Dressed in a handsome pinstripe suit and huge, floppy white slippers, Shivaree's Ambrosia Parsley shuffled into the spotlight and instantly had the tiny crowd at Richard's on Richards wrapped around her delicate finger. The first in a double bill of New York-bred Americana, Shivaree-like headliner Clem Snide-has enjoyed more success on the other side of the Atlantic than here, a fact borne out by the night's receipts and the two unassuming Econoline vans parked neatly outside the club. For those who grimaced through the unseasonable cold to watch this show, however, the dividends were huge. Speaking in a raspy whisper, Parsley confessed that she'd had a little too much whisky backstage, thereby explaining the slippers. Her demeanour was otherwise captivating and mysterious, as befits a band that traffics in a kind of lounge noir. Despite her girlish voice, Shivaree's songs are anything but childlike. "I Close My Eyes" is apparently derived from a dream in which Parsley gleefully tortured George W. Bush. "Mexican Boyfriend" concerns itself with her first love. "Got hit by a car and died," she announced flatly. "Fuckin' sucks."
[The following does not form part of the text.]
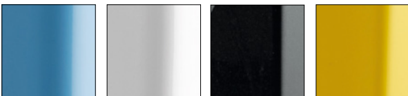
Gauloise Blue Carrara White Black Lacquer Solar Yellow

The crowd finally stepped up for the midtempo mambo of "I Don't Care", which was buoyed by Danny McGough's surging organ and a mid-song shift into double time as pointless yet uncannily correct as something the Band might have done. That song was inspired by Parsley's grandmother, who stabbed her errant husband with a steak knife. It wound down to nothing but Parsley's haunted voice, and ended with a whispered motherfucker. With the massive exception of the bass player's white headband, Shivaree's lapses into vulgarity are a vital escape route from a genre that can be oppressively tasteful.
Clem Snide is the complete New York band, even if frontman Eef Barzelay—it was a gala night for rococo names—is currently living in Nashville. As if to prove it, the band opened with Talking Heads' "Heaven", reworked into something approaching high-lonesome country. The rest of the set showcased Barzelay's literate perspective on life as a knock-kneed, bespectacled nerd. Toward the end of the '90s, Clem Snide was saddled with the alt-country tag, but spiritually it's descended from the Velvet Underground, with Pete Fitzpatrick's tuba and banjo replacing John Cale's viola. "Don't Be Afraid of Your Anger", the evening's penultimate song, mingled mushrooming dissonance with lightning turns into a folky shuffle. Beyond its musical confidence, Clem Snide has a crackerjack personality in Barzelay, who claimed, among other things, that he always comes up to Canada to work out new songs, and that our metric system was responsible for his guitar going out of tune. Either one of these bands could have taken home the blue ribbon, but Clem Snide had the edge, due mostly to Barzelay's uncorked wit. He managed to make all the studied screwiness endearing. The entire band was dressed in matching white suits with blue piping and each member's "animal spirit" embroidered on the back. For Barzelay, it's a deer at sunset. "Gentle and easily frightened," he explained softly. "That's me".